* Problem to work on: Every line below is to be copied exactly, with the pictures left out.

* Supplied data:
§
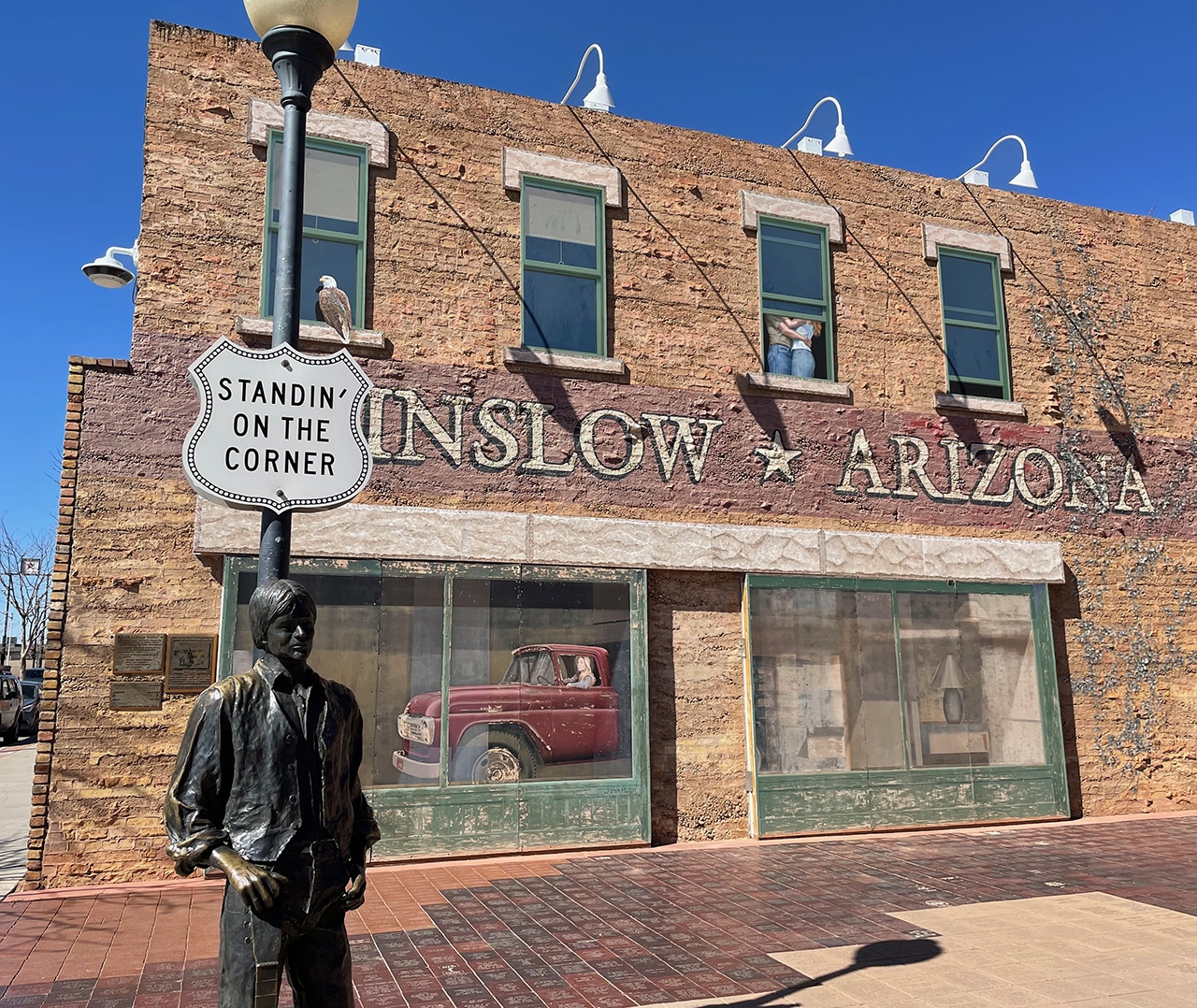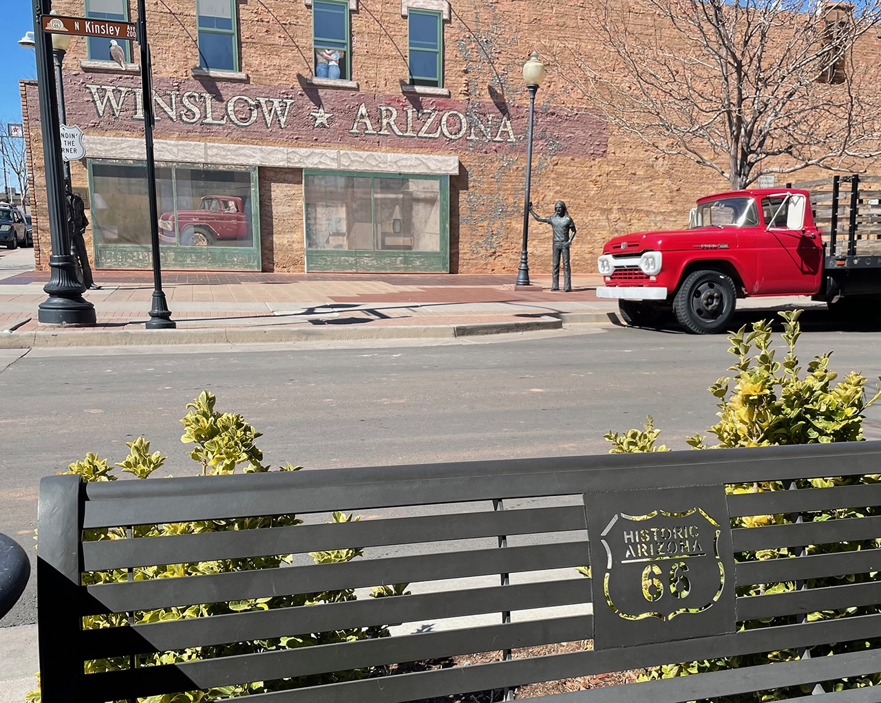 Although it’s pretty unusual for us, we took the direct route to our hotel for the next two nights, right up I17 and east on I40. It ended up being perfect timing for a stop in Winslow to stand on the corner one more time, get Jim a new t-shirt, and grab some lunch. We remembered from previous visits the lack of restaurants to choose from, so when we noticed the awesome OTG (Olde Town Grill) we immediately pulled over. Jim had a great Rueben and I had the Mango Habenaro Chicken Wrap which was OMG! fabulous. We will be stopping there again!
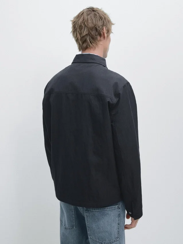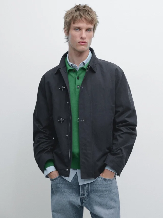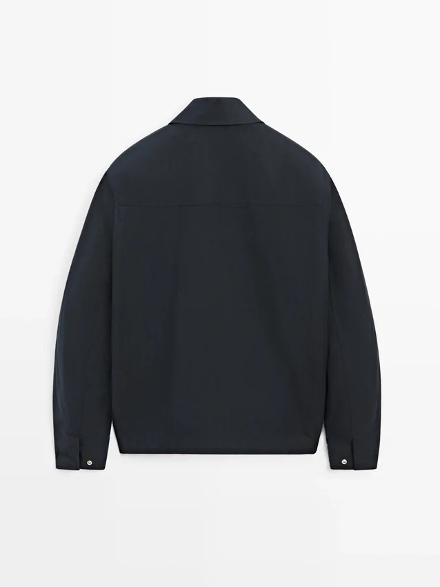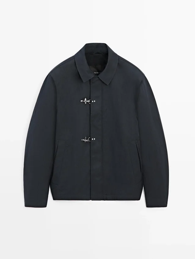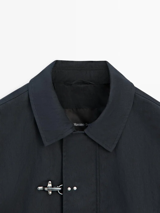 Jacka tillverkad av ett bomullsblandat tyg. Skjortkrage. Långa ärmar. Knäppning med knappar och snörning.
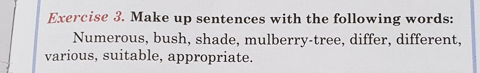 составьте предложения со словами1)numerous.2)bush3)shade4)mulberry-tree5)differ6)different7)various8)suitable9)appropriate пж помогите
§
* Output:
 Although it’s pretty unusual for us, we took the direct route to our hotel for the next two nights, right up I17 and east on I40. It ended up being perfect timing for a stop in Winslow to stand on the corner one more time, get Jim a new t-shirt, and grab some lunch. We remembered from previous visits the lack of restaurants to choose from, so when we noticed the awesome OTG (Olde Town Grill) we immediately pulled over. Jim had a great Rueben and I had the Mango Habenaro Chicken Wrap which was OMG! fabulous. We will be stopping there again!
 Jacka tillverkad av ett bomullsblandat tyg. Skjortkrage. Långa ärmar. Knäppning med knappar och snörning.
 составьте предложения со словами1)numerous.2)bush3)shade4)mulberry-tree5)differ6)different7)various8)suitable9)appropriate пж помогите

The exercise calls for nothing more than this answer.